← Back to context

Comment by thatguymike

3 days ago

I'm sympathetic, but I do think Realtalk could be improved with some simple object recognition and LLMing.

One of the challenges I found when I played with RealTalk is interoperability. The aim is to use the "spacial layer" to bootstrap people's intuitions on how programs should work, and interact with the world. It's really cool when this works. But key intuitions about how things interact when combined with each other, only work if the objects have been programmed to be compatible. A balloon wants to "pop if it comes into contact with anything sharp". A cactus wants to say "I am sharp". But if someone else has programmed a needle card to say "I am pointy", then it won't interact with the balloon in a satisfying way. Or, to use one of Dynamicland's favorite examples: say I have an interactive chart which shows populations of different countries when I place the "Mexico card" into the filter spot. What do you think should happen if I put a card showing the Mexican flag in that same spot, or some other card which just says the string "Mexico" on it? Wouldn't it be better if their interaction "just works"?
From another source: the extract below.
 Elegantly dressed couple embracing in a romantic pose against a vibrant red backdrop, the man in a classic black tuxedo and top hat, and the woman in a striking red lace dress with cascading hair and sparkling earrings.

Visual LLMs can aid with this. Even a thin layer which can assign tags or answer binary questions about objects could be used to make programs massively more interoperable.

That's similar to the issue with the whole NFT craze where you'd "take items from one game to another", it requires everything to work with everything.

For Dynamicland I get the issue though putting the whole thing through an LLM to make pointy and sharp both trigger the same effects on another card would just hide the interaction entirely. It could or couldn't work for reasons completely opaque to both designer and user.

The way you'd figure this out in dynamic land is you'd look at the balloon, which by custom would have the code taped on somewhere. You'd read that code, figure out what it's looking for, and write said trigger.

  • I just realized that the OP said they had already played around with real talk, but it's too late to edit: sorry for assuming that the printed code is sufficient! Was term mismatch one of the biggest issues you ran into, and if so, was it that the printed code didn't contain enough information?